Fantástico - Vai fazer o quê?

segunda-feira, 21 de março de 2011

Frango ao molho pardo

Não se falava noutra coisa. Era conversa de igreja, quartel e padaria. Só na casa do Edgar (75) é que o assunto morria calado. Não era para menos. O velho não merecia o desgosto. Coronel Edgar, reformado e viúvo, homem de regra e ordem, passou a vida a lutar contra desvio de conduta de qualquer razão. Linha duríssima, fez de tudo, em casa e no trabalho, para compartilhar caráter. Melhor para os dois filhos, Jonas (46) e Ricardo (44), crescidos sob o olhar e a bênção da honradez. Mas nem tudo se ensina nessa vida e o militar, hoje em cadeira de rodas – vítima de doença rara –, estava bem perto de sentir na pele o peso da verdade.

Sábado acinzentado. Na casa 6, da Rua 29, hora de almoço a três. Noras e netos estavam para outras bandas, em shopping qualquer. Como de costume, sábado sim, sábado não, era dia dos filhos visitarem o coronel. Na mesa farta, frango ao molho pardo.
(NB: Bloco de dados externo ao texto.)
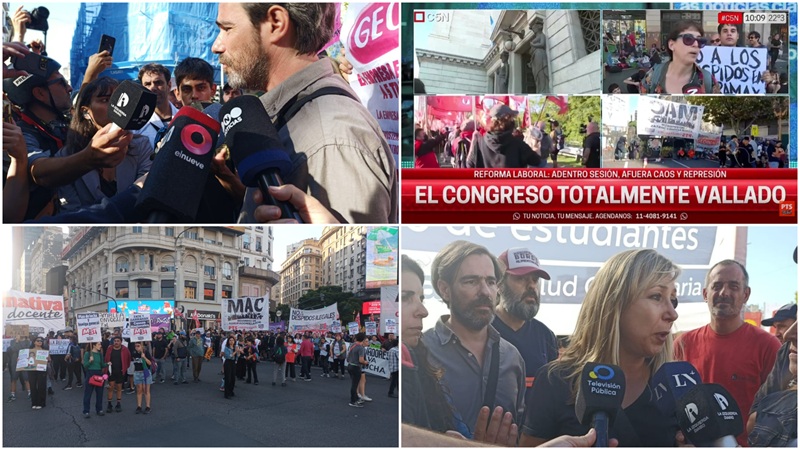 El impacto mediático de esta protesta fue enorme. A continuación presentamos una selección de contenidos, sumando las apariciones en canales de TV y en programas de radio, plataformas digitales, portales nacionales, provinciales e internacionales. El material no representa la totalidad de lo emitido —especialmente durante el momento que tuvo lugar el corte en el Obelisco— sino aquello que pudo registrarse a partir de intervenciones y entrevistas realizadas a diputados y trabajadores participantes.

Ricardo, capitão de polícia, há tempos andava por demais reservado. Enquanto Jonas, advogadozinho de carreira em orgão público, mulherengo e farrista, cada vez mais satisfeito com a vidinha para trás. O capitão nem esperou pelos pratos vazios para desembargar a garganta: “Amanhã, Aninha, minha filha mais velha, completa 21 anos. Tem 47 dias que eu penso no dia de hoje. Pensei que, talvez, pudesse arranjar alguém pra resolver esse problema… mas pensei melhor e entendi que seria covardia da minha parte delegar isso pra outra pessoa”.
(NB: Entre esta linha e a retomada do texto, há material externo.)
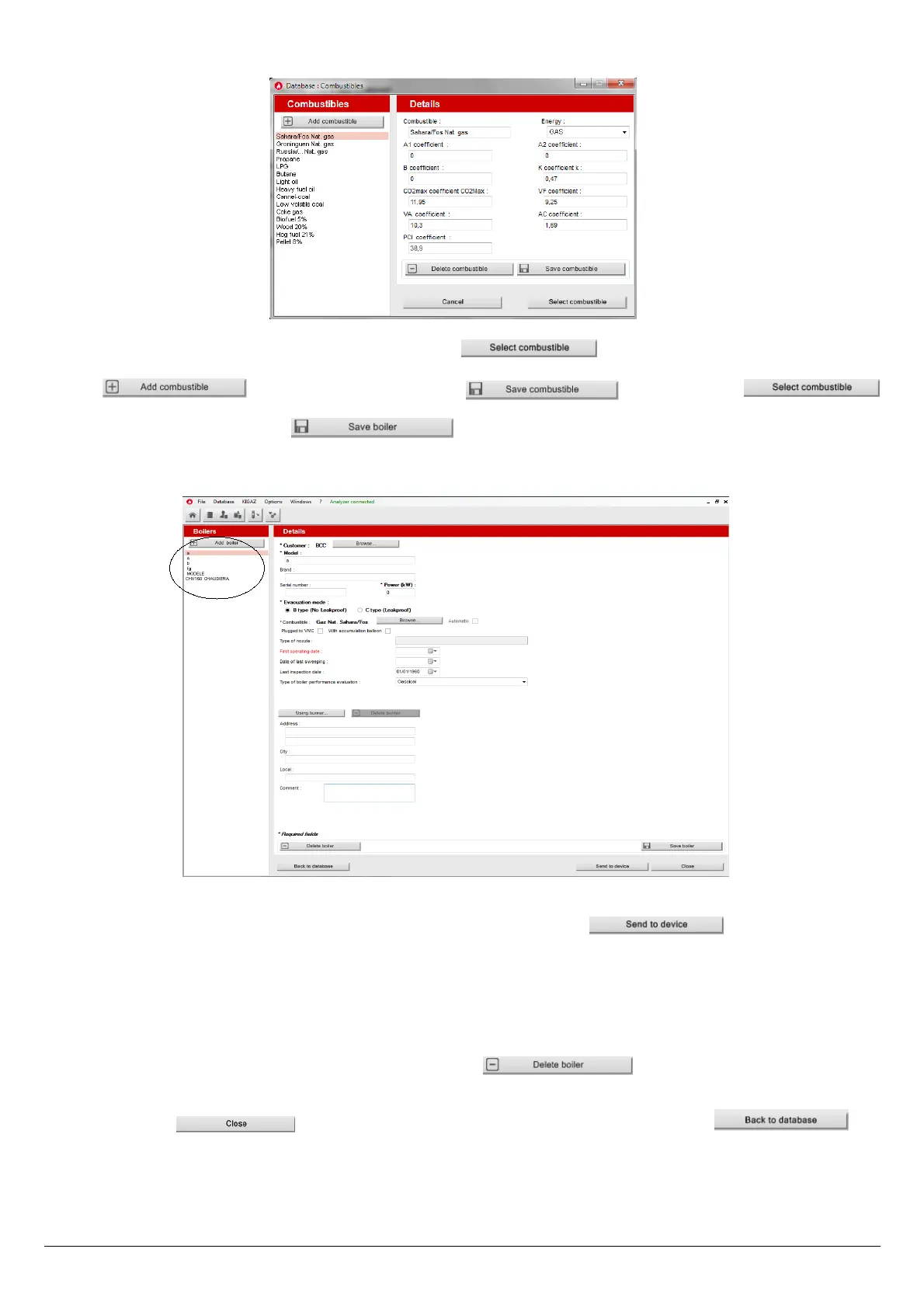 device (see page 54). Only the boilers linked to at least an inspection are added to the “Boilers” software database. The

O pai e o irmão estacionaram os garfos, confusos com o capitão. Ricardo encarou o velho como quem pede permissão para agir. Sem pressa ou desespero, sacou o revólver e disparou contra o peito de Jonas. Na mesa, diante do coronel, o capitão depositou exame de DNA. No documento, a confirmação da traição do primogênito com a nora, mãe de Aninha: o advogado morto era o verdadeiro pai da moça. Estava ali, escrito, feito e refeito. Coronel Edgar, com a prova entre os dedos, quis ouvir o caçula:

– E a mãe da minha neta?

– Confessou. Disse que tiveram um caso.

– Isso não se faz.

– Matar um irmão?

– Desonrar uma família.

Em silêncio, o coronel e o capitão esperaram pela polícia. Juntos, voltaram aos pratos para, ao menos, não deixar sobrar o frango ao molho pardo.